On the hillside, Zheng Fang crouched in the shadows, fist clenched as he watched Xu the chief march every Tiger Head bandit into Longsnake Gulch.
Close call, he thought. The plan had wobbled, yet the fish still swam into the net.
Relief had barely settled when he spotted the Twin Camel column peeling off down a narrow side trail.
“Damn it!”
His brows knotted. Disaster.
“Captain, Tiger Head is inside. Shall we spring the trap?”
His lieutenant’s whisper was urgent. “Any later and we lose the moment!”
The side trail also reached Xihewan, only farther round. Worse, it offered no ambush ground. Let Twin Camel slip past these slopes and they would pour straight into the village lanes, unstoppable.
Zheng Fang punched an oak trunk, knuckles stinging. “Do it. Two signal arrows!”
Before the operation, Jin Feng and Zheng Fang had rehearsed half a dozen contingencies. Two arrows meant switch to Plan B.
Whoosh, whoosh. The arrows streaked upward.
Instantly, boulders arced from both ridges, thudding down to seal each end of Longsnake Gulch. Not one bandit died, but the message was deafening.
Every Tiger Head man froze, blood drained from their faces.
“So the trap was real!”
Feng the strategist and Lu the chief swapped glances, gratitude flashing in both pairs of eyes. Thank heaven they had dodged the gulch.
“Move, move! While Tiger Head pins Xihewan down, we race on!”
Feng urged.
“Sir, this little path, no traps here, right?” Lu muttered.
“Relax. I memorised every fold of these hills. A hundred zhang ahead we hit the post road. Nothing along it can hide an ambush.”
Feng spoke fast. “To stop us they must meet steel with steel, and Xihewan has no steel left…”
His sentence died. From the slope above, two dozen veterans burst out, spears gleaming, shields locked.
Only twenty-odd men, yet every stride screamed discipline. In three breaths they snapped into a pocket Macedonian square and corked the narrow trail.
This tiny force was Jin Feng’s hidden ace, held back for exactly such surprises.
“One, two, one! One, two, one!”
Boots hammered in perfect time as the square advanced.
Fewer men, endless drills, perfect trust. The square glided faster than the old Iron Forest phalanx ever had on open battlefields.
Gone were the clumsy bamboo lances. Each soldier now carried a ten-foot steel-tipped spear on a tubular shaft, light, unbreakable.
The chant swelled. Momentum gathered like an avalanche. Though still yards away, bandits stumbled backward.
“Brothers, twenty-odd against hundreds! They’re bluffing!”
Lu roared, eyes crimson. “Drop one and I pay ten taels. First blood earns a hundred!”
Silver was the universal tongue of banditry. It never failed.
The retreat halted. Greed ignited. Men surged forward, howling, each desperate to claim the prize.
They never stood a chance.
Ten feet from the shields, the commander barked. A hedge of spear-points lanced through the gaps.
The front rank of bandits fell like wheat.
“Their spears outrange us! We can’t close!”

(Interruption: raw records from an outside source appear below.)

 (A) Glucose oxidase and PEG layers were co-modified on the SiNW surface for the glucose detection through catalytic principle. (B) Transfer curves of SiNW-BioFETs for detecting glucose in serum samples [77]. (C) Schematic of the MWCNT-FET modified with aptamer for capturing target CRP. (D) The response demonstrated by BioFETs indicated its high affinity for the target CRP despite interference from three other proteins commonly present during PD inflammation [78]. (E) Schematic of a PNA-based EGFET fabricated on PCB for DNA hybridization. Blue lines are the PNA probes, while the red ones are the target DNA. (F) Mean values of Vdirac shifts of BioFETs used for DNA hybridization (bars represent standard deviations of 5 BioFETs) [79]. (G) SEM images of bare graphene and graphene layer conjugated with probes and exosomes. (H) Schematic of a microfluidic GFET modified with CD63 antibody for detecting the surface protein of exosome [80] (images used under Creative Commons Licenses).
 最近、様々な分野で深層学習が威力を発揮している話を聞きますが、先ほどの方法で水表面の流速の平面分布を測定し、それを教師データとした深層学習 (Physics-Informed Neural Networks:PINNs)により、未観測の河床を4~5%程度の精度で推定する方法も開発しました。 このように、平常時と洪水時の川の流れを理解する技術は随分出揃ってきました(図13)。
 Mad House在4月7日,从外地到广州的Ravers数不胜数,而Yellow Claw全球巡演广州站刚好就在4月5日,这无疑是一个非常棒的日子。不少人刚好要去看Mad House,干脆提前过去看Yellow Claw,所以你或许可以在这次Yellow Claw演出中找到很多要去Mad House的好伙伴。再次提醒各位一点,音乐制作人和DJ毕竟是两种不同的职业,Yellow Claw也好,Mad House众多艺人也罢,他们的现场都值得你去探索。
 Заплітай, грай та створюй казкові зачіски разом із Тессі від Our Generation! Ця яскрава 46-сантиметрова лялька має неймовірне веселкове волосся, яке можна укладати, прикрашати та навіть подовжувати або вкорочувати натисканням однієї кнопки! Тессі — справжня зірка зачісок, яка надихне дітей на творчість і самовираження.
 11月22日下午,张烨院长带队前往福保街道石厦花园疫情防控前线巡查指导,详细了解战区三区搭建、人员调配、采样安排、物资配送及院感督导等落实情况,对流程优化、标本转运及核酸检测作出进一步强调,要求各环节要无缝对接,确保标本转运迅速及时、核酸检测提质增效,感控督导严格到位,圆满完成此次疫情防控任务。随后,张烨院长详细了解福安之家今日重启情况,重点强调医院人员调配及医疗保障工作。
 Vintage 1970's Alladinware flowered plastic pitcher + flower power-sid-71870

Lu watched his men crumple, face twisted.
“Long spears? We make longer ones!”
Feng spun toward the pines. “A-Jun, fell a tree. Smash this hedgehog!”
“Aye!”
Minutes later, a dozen bandits staggered downhill under a thirty-foot pine trunk thick as a water butt.
The column parted. The human battering ram lumbered straight at the square.
Brush exploded on the left. A single heavy-crossbow bolt hissed out, punched through eight men in a straight line, skewered three more, then buried itself in the far slope.
“Curse Xihewan and their damned crossbows!”
Feng smashed a fist against stone.
“Sir, what now?” Lu pleaded.
“What else? Run!”
Feng shut his eyes, defeat bitter on his tongue. He had replayed this plan a hundred times, certain it was flawless. Now it lay in ruins.
The square was a spiked turtle. No angle, no hope. To keep fighting was to feed the fire.
“We’re on Xihewan’s doorstep! Tuck tail and flee? Unacceptable!”
Lu snarled.
“Then stay and die. I’m gone.”
Feng turned, his personal guard melting into the trees.
Lu kicked a boulder sky-high. “Retreat!”
The improved square could not chase free-running bandits. Twin Camel vanished round the bend.
Zheng Fang exhaled. “Let them go. Sir Jin says eight or nine times out of ten, life kicks you in the teeth. Tiger Head is still caged. That’s victory enough. Time to parley.”
His lieutenant cupped hands to mouth. “Listen up, you little bandit pups! Drop every blade and kiss the dirt!”
“Twenty heartbeats. Anyone still standing after twenty gets no mercy!”
Catapults thundered again. This time stones walked forward, chewing the edges of the trapped mob, stopping just short of flesh, a promise carved in flying rock.